The Government recognises that in recent years ambulance response times have not met the high standards patients should expect.We are determined to turn things around and have taken serious steps to achieve this. Our Urgent and Emergency Care Plan for 2025/26, backed by almost £450 million of capital investment, commits to reducing ambulance response times for Category 2 incidents to 30 minutes on average this year. The South Central Ambulance Service NHS Foundation Trust (SCAS) has a dedicated Category 2 performance team driving improvements through targeted interventions.We have already seen improvements in ambulance response times in SCAS, which serves Newbury. The latest NHS performance figures for SCAS show that Category 2 incidents were responded to in 31 minutes 54 seconds on average, over six minutes faster the same month last year.

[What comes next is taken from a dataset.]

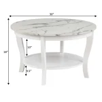 Bring home the classic design American Heritage Round Coffee Table with Shelf by Convenience Concepts. Its round silhouette features slightly curved legs along with a bottom shelf. With two circular tiers, there is plenty of space to display beautiful centerpieces or entertainment essentials. This rich veneer-finished coffee table is crafted from manufactured wood and the sturdy legs are engineered from solid rubberwood, making this piece durable and easy maintenance. Assembly is simple and requires only 3 easy steps. Available in multiple finishes, this circle table will become a staple in your home right away. Pair with additional items from the American Heritage Collection by Convenience Concepts, each sold separately.

8 Dec 2025·Department of Health and Social Care·Answered
Asked

Whether his department has issued guidance on steps to help increase Child Vision Screening Programmes.

Reply

The UK National Screening Committee recommends vision screening for children aged four to five years old. Information on the UK National Screening Committee is available at the following linkhttps://www.gov.uk/government/organisations/uk-national-screening-committeeThe aim is to identify children with reduced vision in one or both eyes so that defects can be rectified early. Local authorities are responsible for this as part of the Healthy child programme, although it is not mandated. Further information on the Healthy child programme is available at the following link:https://www.gov.uk/government/collections/healthy-child-programmeThe Department has published a suite of resources to support the commissioning and delivery of high-quality, consistent child vision screening services, with further information available at the following link:https://www.gov.uk/government/collections/child-vision-screening

5 Dec 2025·Department of Health and Social Care·Answered
Asked

What support he is providing to the Buckinghamshire, Oxfordshire and Berkshire Integrated Care Board to ensure that people are receiving timely treatment for brain cancer.

Reply

The Department recognises that there are currently limited treatment options available for people who have been diagnosed with brain tumours, and the significant impact that rarer forms of cancer can have on patients, carers, and their families. The Government is invested in driving new lifesaving and life-improving research, supporting those diagnosed and living with brain tumours.We have already invested £70 million in replacing outdated radiotherapy machines across the National Health Service with new cutting-edge technology that will speed up treatment for thousands of patients, and this includes a new machine to be situated in the Royal Berkshire NHS Foundation Trust.Additionally, the Government supports Scott Arthur’s Private Members Bill on rare cancers which will make it easier for clinical trials into rare cancers, such as brain cancers, to take place across England by ensuring the patient population can be easily contacted by researchers.  This will ensure that the NHS will remain at the forefront of medical innovation and is able to provide patients with the newest, most effective treatment options and ultimately boost survival rates.Early next year, the Government will publish a National Cancer Plan which will set out targeted actions to reduce lives lost to cancers and improve the experience of patients, including those with brain cancer.